* [Supplied records]
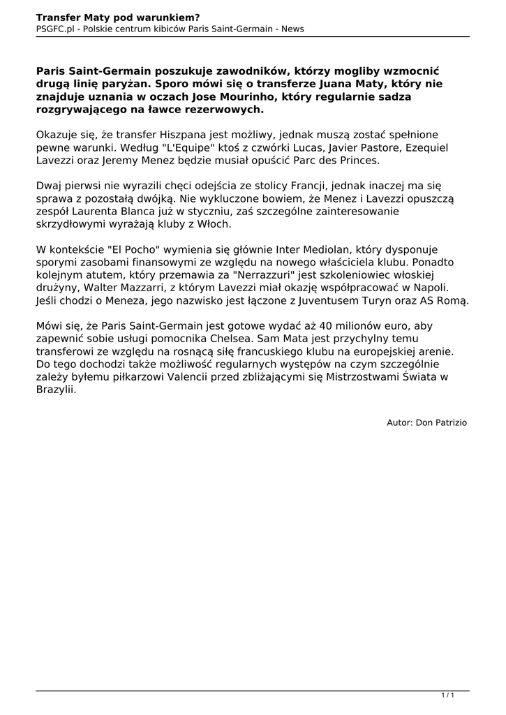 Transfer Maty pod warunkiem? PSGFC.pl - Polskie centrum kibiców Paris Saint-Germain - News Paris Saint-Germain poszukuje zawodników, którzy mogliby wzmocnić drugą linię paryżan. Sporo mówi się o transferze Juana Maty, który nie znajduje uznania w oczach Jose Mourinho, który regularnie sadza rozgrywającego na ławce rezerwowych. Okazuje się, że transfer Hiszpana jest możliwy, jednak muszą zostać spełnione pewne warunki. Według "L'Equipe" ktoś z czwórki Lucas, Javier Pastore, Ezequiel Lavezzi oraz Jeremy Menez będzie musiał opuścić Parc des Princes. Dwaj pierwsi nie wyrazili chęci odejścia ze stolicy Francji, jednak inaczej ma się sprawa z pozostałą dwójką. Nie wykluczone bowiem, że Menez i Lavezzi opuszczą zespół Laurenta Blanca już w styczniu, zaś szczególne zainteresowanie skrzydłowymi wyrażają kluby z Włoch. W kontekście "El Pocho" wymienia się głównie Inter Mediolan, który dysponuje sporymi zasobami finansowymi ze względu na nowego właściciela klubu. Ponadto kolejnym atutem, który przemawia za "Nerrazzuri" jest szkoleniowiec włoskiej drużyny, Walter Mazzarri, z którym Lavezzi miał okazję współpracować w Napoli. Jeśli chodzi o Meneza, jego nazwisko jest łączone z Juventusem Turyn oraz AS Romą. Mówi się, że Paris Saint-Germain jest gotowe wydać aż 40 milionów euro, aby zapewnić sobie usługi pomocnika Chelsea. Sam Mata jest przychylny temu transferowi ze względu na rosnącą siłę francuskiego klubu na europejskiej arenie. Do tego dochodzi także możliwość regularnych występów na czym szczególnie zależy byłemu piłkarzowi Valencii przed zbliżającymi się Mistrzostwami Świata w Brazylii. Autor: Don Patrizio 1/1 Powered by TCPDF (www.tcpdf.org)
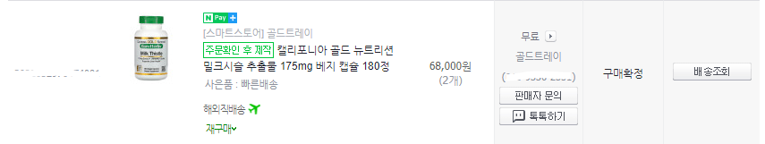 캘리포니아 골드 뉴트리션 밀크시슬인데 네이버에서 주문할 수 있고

...

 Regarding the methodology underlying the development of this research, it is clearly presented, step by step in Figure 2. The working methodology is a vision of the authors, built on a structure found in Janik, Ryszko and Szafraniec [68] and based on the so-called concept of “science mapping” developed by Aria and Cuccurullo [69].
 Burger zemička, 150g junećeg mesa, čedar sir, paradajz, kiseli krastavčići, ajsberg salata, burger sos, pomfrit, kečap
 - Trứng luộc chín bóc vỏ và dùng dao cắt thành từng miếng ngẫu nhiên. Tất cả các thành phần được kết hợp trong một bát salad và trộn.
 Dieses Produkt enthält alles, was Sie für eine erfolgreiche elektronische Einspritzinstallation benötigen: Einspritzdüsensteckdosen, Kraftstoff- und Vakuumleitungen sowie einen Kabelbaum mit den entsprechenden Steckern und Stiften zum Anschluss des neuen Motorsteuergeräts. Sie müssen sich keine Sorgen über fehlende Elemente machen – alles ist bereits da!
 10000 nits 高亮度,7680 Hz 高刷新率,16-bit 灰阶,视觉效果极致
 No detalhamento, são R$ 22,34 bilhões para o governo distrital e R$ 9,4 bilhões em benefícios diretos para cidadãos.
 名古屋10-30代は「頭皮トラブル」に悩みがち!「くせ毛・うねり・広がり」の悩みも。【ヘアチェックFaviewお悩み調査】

* [Work instructions] Pictures are to be left out. Write out only the lines above starting at the one with "Transfer Maty pod" and ending at the one with "캘리포니아 골드 뉴트리션 밀크시슬인데 네이버에서 주문할 수 있고", both lines included, exactly.

* [Reply]
 Transfer Maty pod warunkiem? PSGFC.pl - Polskie centrum kibiców Paris Saint-Germain - News Paris Saint-Germain poszukuje zawodników, którzy mogliby wzmocnić drugą linię paryżan. Sporo mówi się o transferze Juana Maty, który nie znajduje uznania w oczach Jose Mourinho, który regularnie sadza rozgrywającego na ławce rezerwowych. Okazuje się, że transfer Hiszpana jest możliwy, jednak muszą zostać spełnione pewne warunki. Według "L'Equipe" ktoś z czwórki Lucas, Javier Pastore, Ezequiel Lavezzi oraz Jeremy Menez będzie musiał opuścić Parc des Princes. Dwaj pierwsi nie wyrazili chęci odejścia ze stolicy Francji, jednak inaczej ma się sprawa z pozostałą dwójką. Nie wykluczone bowiem, że Menez i Lavezzi opuszczą zespół Laurenta Blanca już w styczniu, zaś szczególne zainteresowanie skrzydłowymi wyrażają kluby z Włoch. W kontekście "El Pocho" wymienia się głównie Inter Mediolan, który dysponuje sporymi zasobami finansowymi ze względu na nowego właściciela klubu. Ponadto kolejnym atutem, który przemawia za "Nerrazzuri" jest szkoleniowiec włoskiej drużyny, Walter Mazzarri, z którym Lavezzi miał okazję współpracować w Napoli. Jeśli chodzi o Meneza, jego nazwisko jest łączone z Juventusem Turyn oraz AS Romą. Mówi się, że Paris Saint-Germain jest gotowe wydać aż 40 milionów euro, aby zapewnić sobie usługi pomocnika Chelsea. Sam Mata jest przychylny temu transferowi ze względu na rosnącą siłę francuskiego klubu na europejskiej arenie. Do tego dochodzi także możliwość regularnych występów na czym szczególnie zależy byłemu piłkarzowi Valencii przed zbliżającymi się Mistrzostwami Świata w Brazylii. Autor: Don Patrizio 1/1 Powered by TCPDF (www.tcpdf.org)
 캘리포니아 골드 뉴트리션 밀크시슬인데 네이버에서 주문할 수 있고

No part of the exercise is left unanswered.